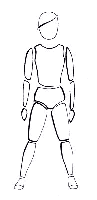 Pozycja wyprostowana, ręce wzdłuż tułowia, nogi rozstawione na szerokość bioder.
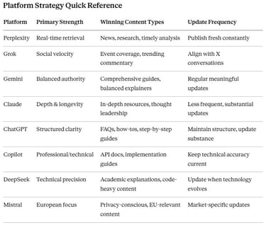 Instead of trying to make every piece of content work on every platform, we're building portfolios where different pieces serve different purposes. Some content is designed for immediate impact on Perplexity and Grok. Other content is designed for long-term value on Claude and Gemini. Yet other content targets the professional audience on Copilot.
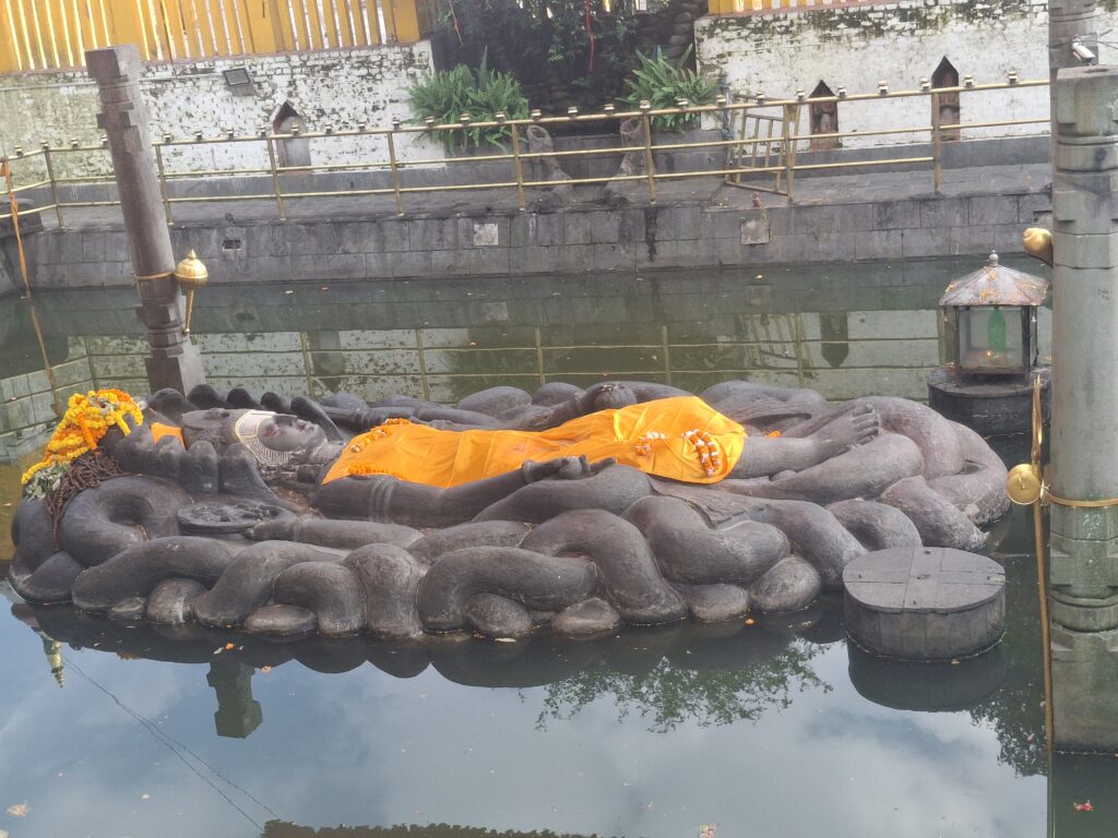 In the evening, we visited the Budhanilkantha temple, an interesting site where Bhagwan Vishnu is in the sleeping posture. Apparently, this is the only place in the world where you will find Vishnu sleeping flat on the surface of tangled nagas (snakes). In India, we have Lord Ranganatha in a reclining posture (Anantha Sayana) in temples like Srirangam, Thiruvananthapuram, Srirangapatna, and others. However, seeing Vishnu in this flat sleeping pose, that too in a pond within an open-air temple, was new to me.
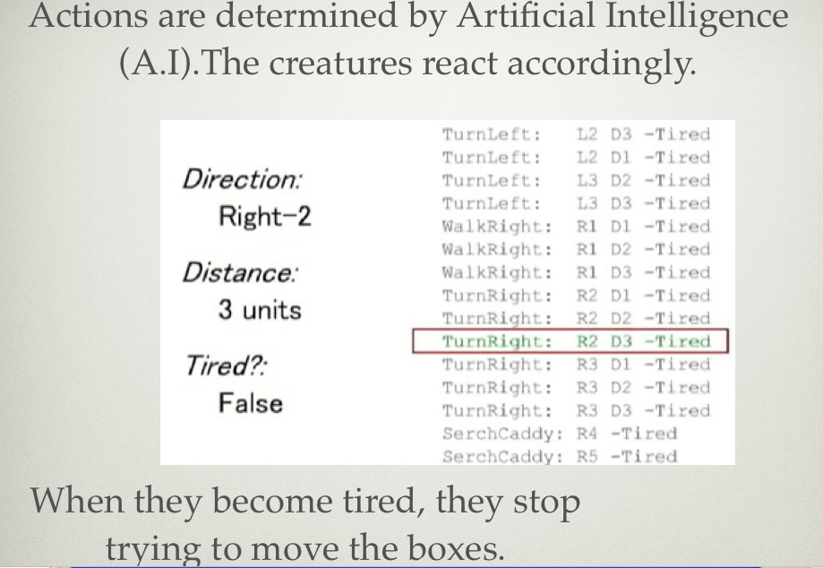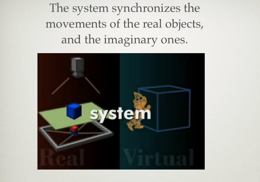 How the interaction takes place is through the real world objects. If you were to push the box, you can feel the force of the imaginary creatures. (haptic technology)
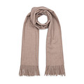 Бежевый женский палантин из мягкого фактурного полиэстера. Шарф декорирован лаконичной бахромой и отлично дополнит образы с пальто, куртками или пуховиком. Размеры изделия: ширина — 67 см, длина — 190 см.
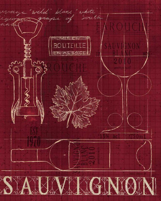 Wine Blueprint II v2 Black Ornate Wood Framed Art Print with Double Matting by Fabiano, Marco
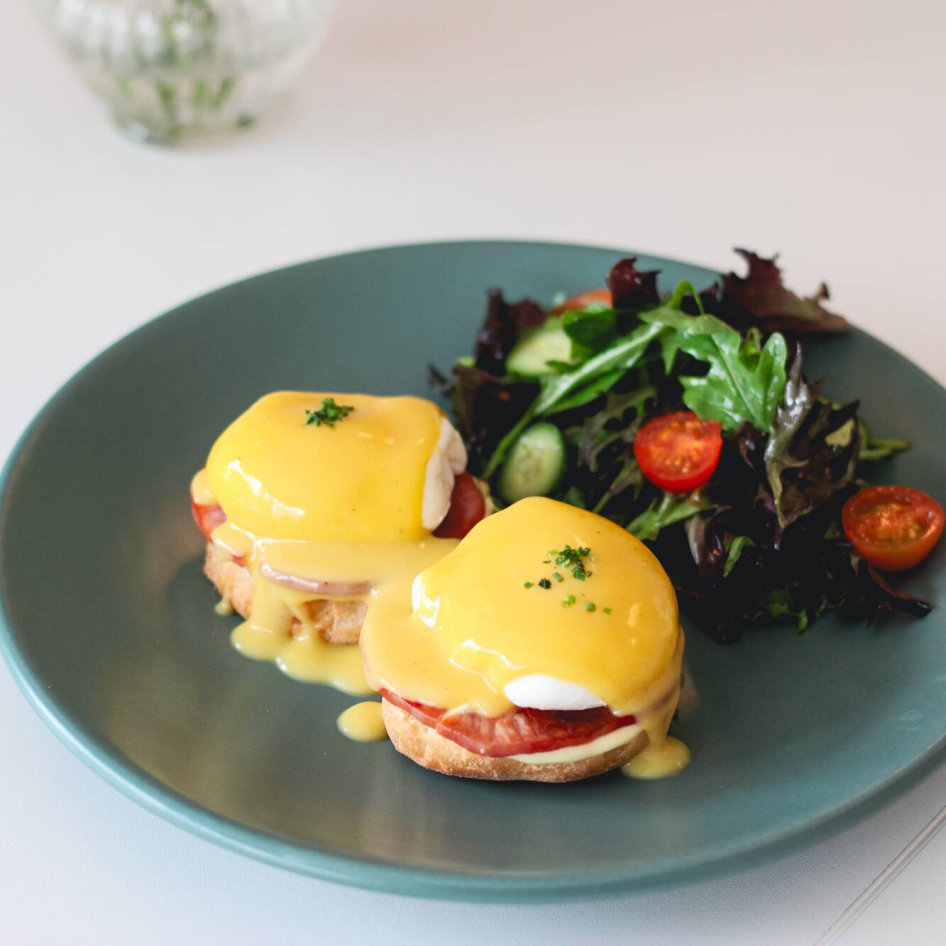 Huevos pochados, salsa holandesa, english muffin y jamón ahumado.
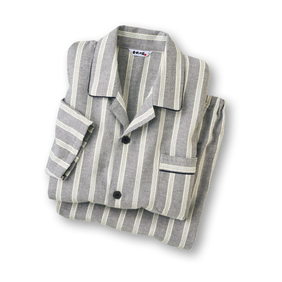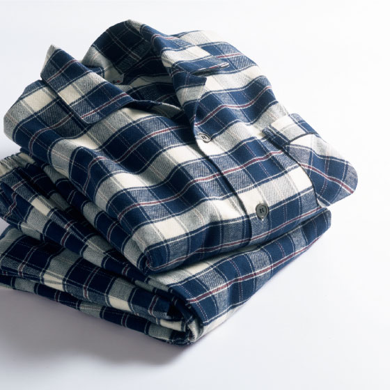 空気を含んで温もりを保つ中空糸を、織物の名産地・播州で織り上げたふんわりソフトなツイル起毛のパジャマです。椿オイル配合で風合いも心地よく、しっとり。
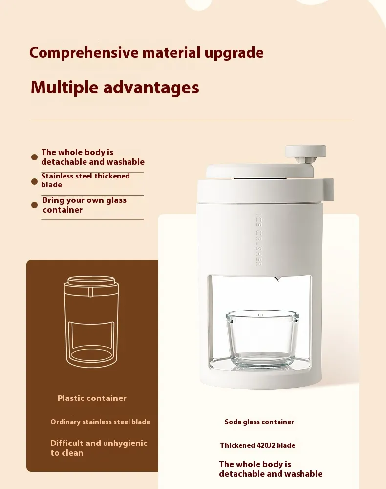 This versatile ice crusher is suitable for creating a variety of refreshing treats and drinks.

§ **Task to carry out**
The copy should hold, exactly, the lines from the one containing "How the interaction" to the final line of the listing above, with both ends present and no pictures.

§ **Solution for this task**
 How the interaction takes place is through the real world objects. If you were to push the box, you can feel the force of the imaginary creatures. (haptic technology)
 Бежевый женский палантин из мягкого фактурного полиэстера. Шарф декорирован лаконичной бахромой и отлично дополнит образы с пальто, куртками или пуховиком. Размеры изделия: ширина — 67 см, длина — 190 см.
 Wine Blueprint II v2 Black Ornate Wood Framed Art Print with Double Matting by Fabiano, Marco
 Huevos pochados, salsa holandesa, english muffin y jamón ahumado.
 空気を含んで温もりを保つ中空糸を、織物の名産地・播州で織り上げたふんわりソフトなツイル起毛のパジャマです。椿オイル配合で風合いも心地よく、しっとり。
 This versatile ice crusher is suitable for creating a variety of refreshing treats and drinks.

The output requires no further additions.